Savini: una cocktail list con Milano nel cuore

Per chi non si è arreso e ancora si ostina a cercarla, a scovare quell’identità di Milano un tempo talmente vigorosa da portare alla costruzione del Duomo e oggi sommersa dall’abbondanza impersonale; per tutti coloro che vagano tra le “cose milanesi” all’affamata ricerca di qualcosa ancora capace di raccontare la Milano autentica: sappiate che qualche speranza ancora c’è.

Sono i tentativi realistici e solidi come quello del Savini a mantenere fervida la certezza che una Milano degna di questo nome ancora esista, tenuta in vita da quei pochi spiragli d’aria che ancora le sono concessi.

Lo storico locale di Milano ha assistito al rapidissimo cambiamento della città e ha sillabato il suo tempo con la cadenza dei passi che hanno attraversato la Galleria. C’erano uomini d’affari e nobildonne, ma anche cittadini che alzavano lo sguardo a contemplare quanto fosse bella la loro cattedrale. Passavano le carrozze e le prime automobili, le signore con gli ombrellini e gli uomini con il cilindro e il bastone. Di giorno risuonavano le voci di chi parlava e si salutava. E poi, ogni tanto, si assisteva a quel fermento che ruotava intorno al Teatro alla Scala.

Il Savini era lì, dal 1867, e partecipava alla vita di Milano. Ne mostrava la parte più chic, quella dove spesso si avvicendavano pellicce e stole pregiate, di ritorno dall’opera. Ha accolto giganti come Verdi, Puccini, Mascagni, Toscanini, Verga e D’Annunzio. Il Savini ha assorbito tutto questo e ne ha respirato l’aria, fino a gemellare la propria storia con quella di Milano e del Teatro alla Scala.
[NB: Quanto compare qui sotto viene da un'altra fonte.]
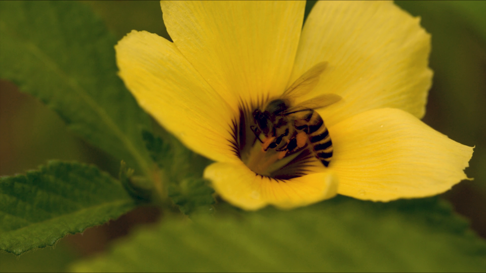Krótki filmik przedstawia kielich kwiatu o żółtych płatkach, w środku którego widoczna jest pszczoła zapylająca kwiatek i trącająca pomarańczowe pręciki. Wokół widoczne są zielone listki kwiatka.

Per questo, quando nel 2018 il Savini ha deciso di creare una Cocktail List inedita rivisitando in chiave personale i grandi classici, ha scavato nelle profondità della tradizione milanese e dei personaggi che hanno animato la Scala. E ad essi si è ispirata. In collaborazione con il team I Maestri del Cocktail, è stata generata la prima Signature Cocktail list del Savini con lo scopo di raccontare Milano e affermare la propria identità. Un lavoro lungo, che è costato la fatica di svariate prove in cui differivano gli ingredienti o anche semplicemente il loro minuzioso equilibrio. Ne è risultata una sinfonica composizione milanese, rappresentata da ingredienti legati al capoluogo lombardo e da nomi che rendono omaggio ai suoi personaggi. Qualche esempio? Certamente il N°7, che prende il nome dal tavolo a cui si recava abitualmente Maria Callas, vicino alla finestra che dava sulla Galleria. Oppure il Salieri, omonimo del compositore che per primo al mondo inaugurò la Scala e oggi drink progettato sulla base del Negroni, archetipo della miscelazione italiana. E poi il Norma, caratterizzato dall’intensità aromatica della liquirizia e dalla freschezza erbacea che ricorda il bosco in cui è ambientata l’opera; o il Madama Butterfly, che ripropone nei suoi ingredienti l’unione tra America del Nord e Asia. Curioso è il cocktail 1815, anno in cui Ausano Ramazzotti a Milano creò il noto liquore, che in questo drink costituisce la base alcolica. Il più identitario è forse il Savini Cocktail: parte dall’idea di uno Spritz, si dota di Campari, aggiunge Rabarbaro Zucca e si impreziosisce di un’acqua di zafferano.

Non ci sono effetti speciali e non c’è voglia di stupire con voli pindarici di sapori o di sensazioni. C’è tanta compostezza e tanta eleganza, riscontrate in una precisione di esecuzione puntuale e discreta. La sua caratteristica distintiva è la classe e la sua forza è quella fedeltà alla propria storia. Trattiene ed esprime quel savoir faire rubato, negli anni, alla Milano che fu. E che, a cercare molto ma molto bene, forse da qualche parte c’è ancora.